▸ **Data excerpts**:
[Start of section]

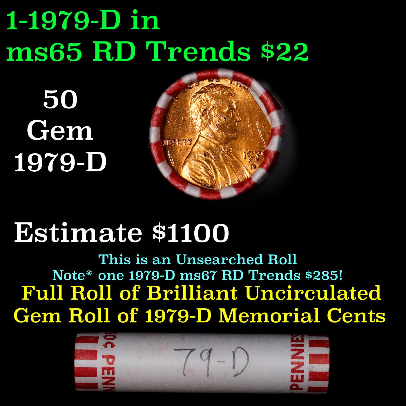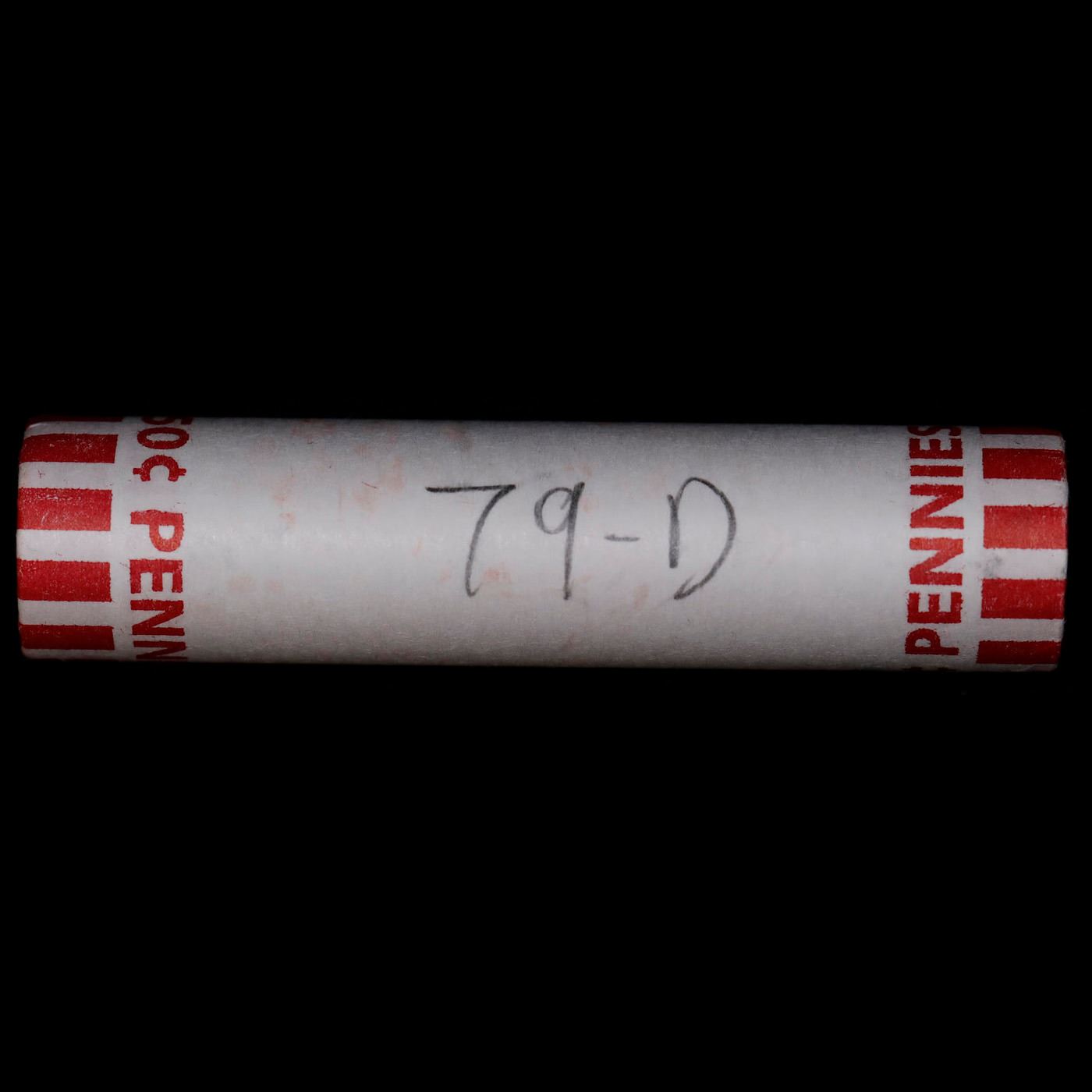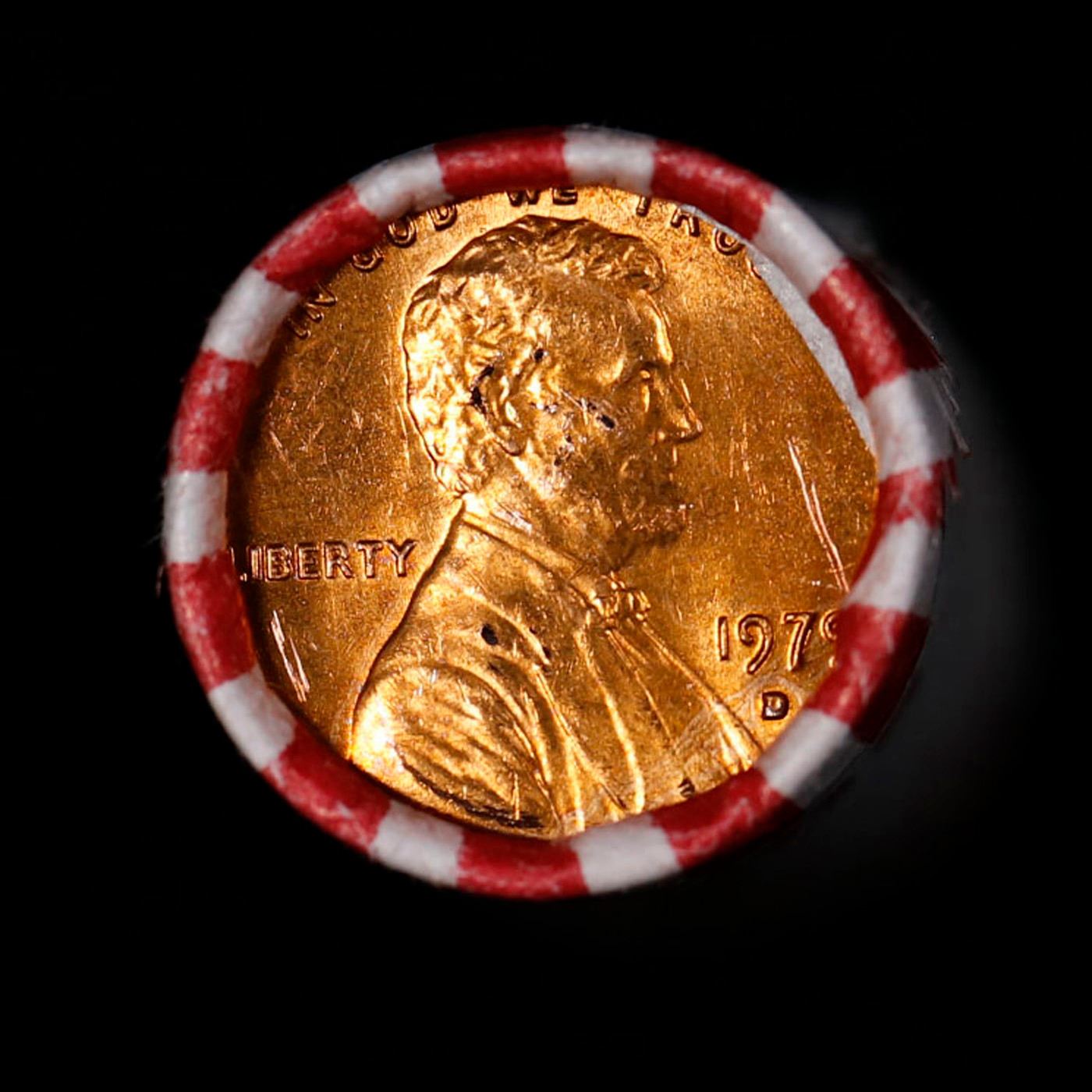Shotgun Lincoln 1c roll, 1979-d 50 pcs Bank Wrapper.. A terrific Shotgun roll of Lincoln cents. Most if not all coin should be cherry red.
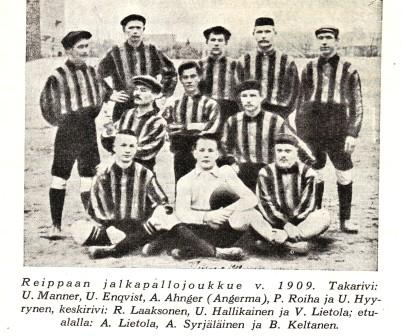 Tässä Viipurin Reippaan 60-vuotisjuhlakirjassa (1959) julkaistussa kuvassa poseeraa seuran vuoden 1909 uljas jalkapallomiehistö. Huomiota kiinnittänevät ensimmäisenä nuo mainiot päähineet. Pelaajien nimet erottunevat näytöltä.
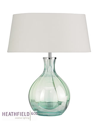 Optic glass lamp base finished with antique lustre effect. Shown with 14" French Drum linen shade. Height shown below with and without shade. **shade not included in price**
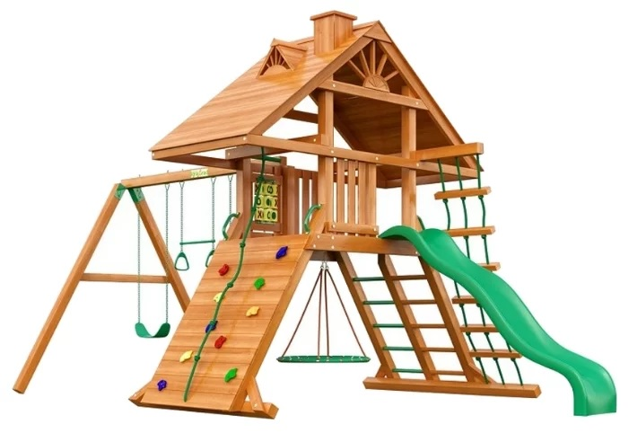 Наш магазин предлагает заботливым родителям обратить внимание на интереснейшую детскую площадку «Крепость Фани» (Дерево). Большой, двухуровневый домик оборудован полезными спортивными снарядами: скалолазной стеной, верёвочной лестницей, трапецией с кольцами, качелями «Овал», развивающие выносливость, дыхание, координацию, укрепляющие мышцы. Дети любят кататься с горки, качаться на качелях. Поэтому данные элементы тоже входят в комплект.
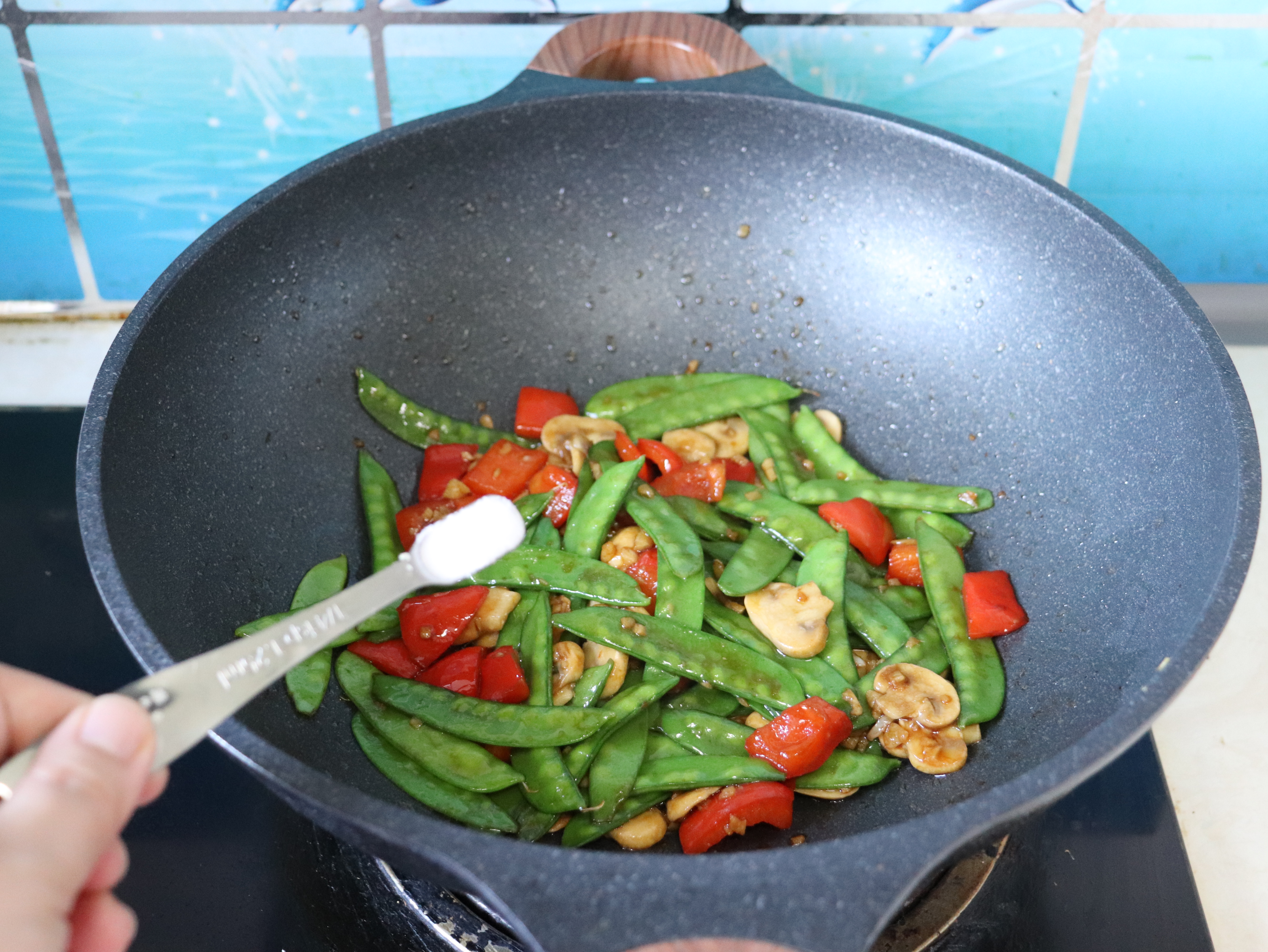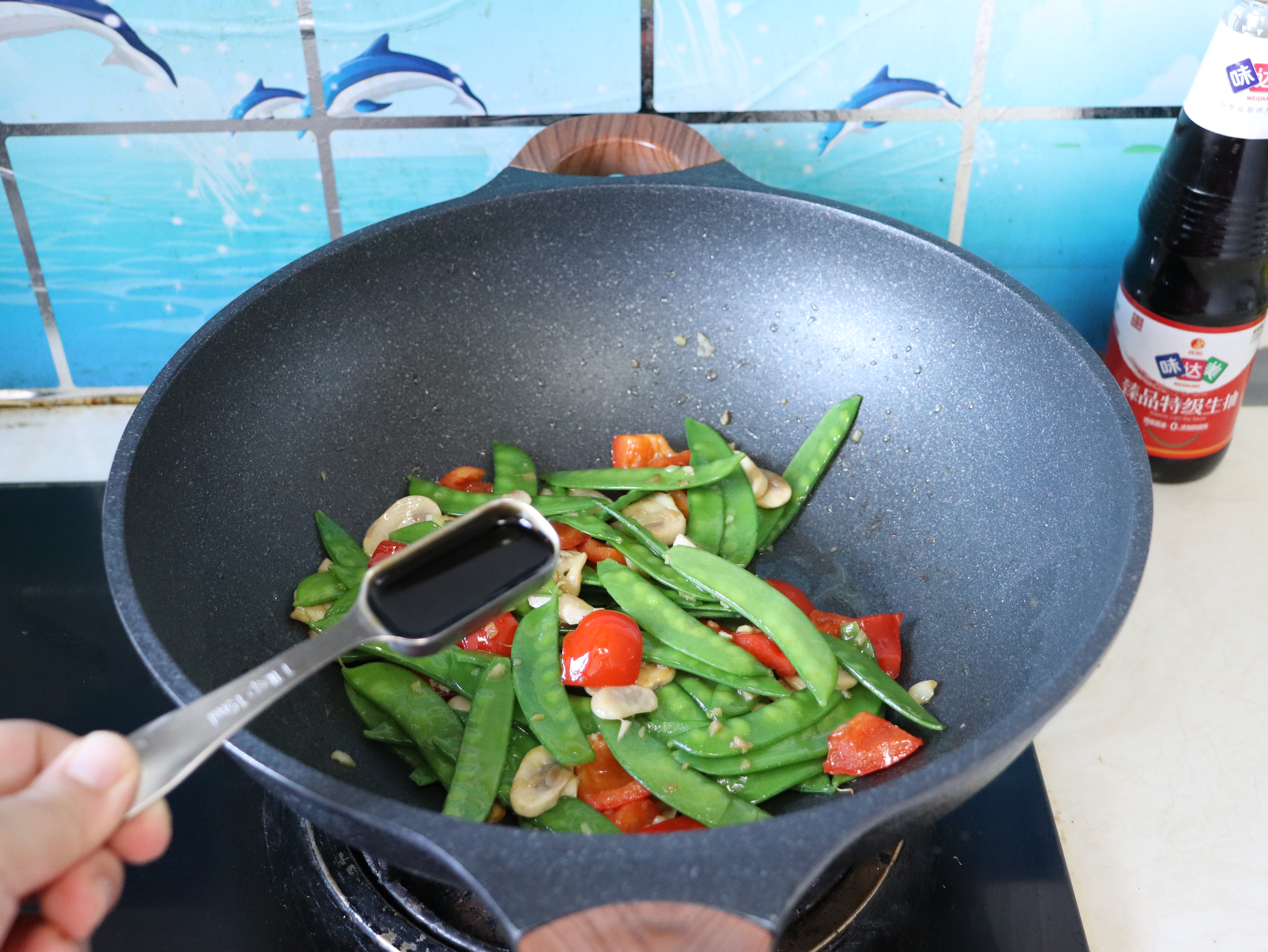 荷兰豆:150克,红椒:半个,口蘑:100克

[End of section]

▸ **TASK**: An exact copy of the lines from the one with "Optic glass lamp" through the last line of the records, inclusive, is required, with all pictures left out.

▸ **WRITTEN RESPONSE**:
 Optic glass lamp base finished with antique lustre effect. Shown with 14" French Drum linen shade. Height shown below with and without shade. **shade not included in price**
 Наш магазин предлагает заботливым родителям обратить внимание на интереснейшую детскую площадку «Крепость Фани» (Дерево). Большой, двухуровневый домик оборудован полезными спортивными снарядами: скалолазной стеной, верёвочной лестницей, трапецией с кольцами, качелями «Овал», развивающие выносливость, дыхание, координацию, укрепляющие мышцы. Дети любят кататься с горки, качаться на качелях. Поэтому данные элементы тоже входят в комплект.
 荷兰豆:150克,红椒:半个,口蘑:100克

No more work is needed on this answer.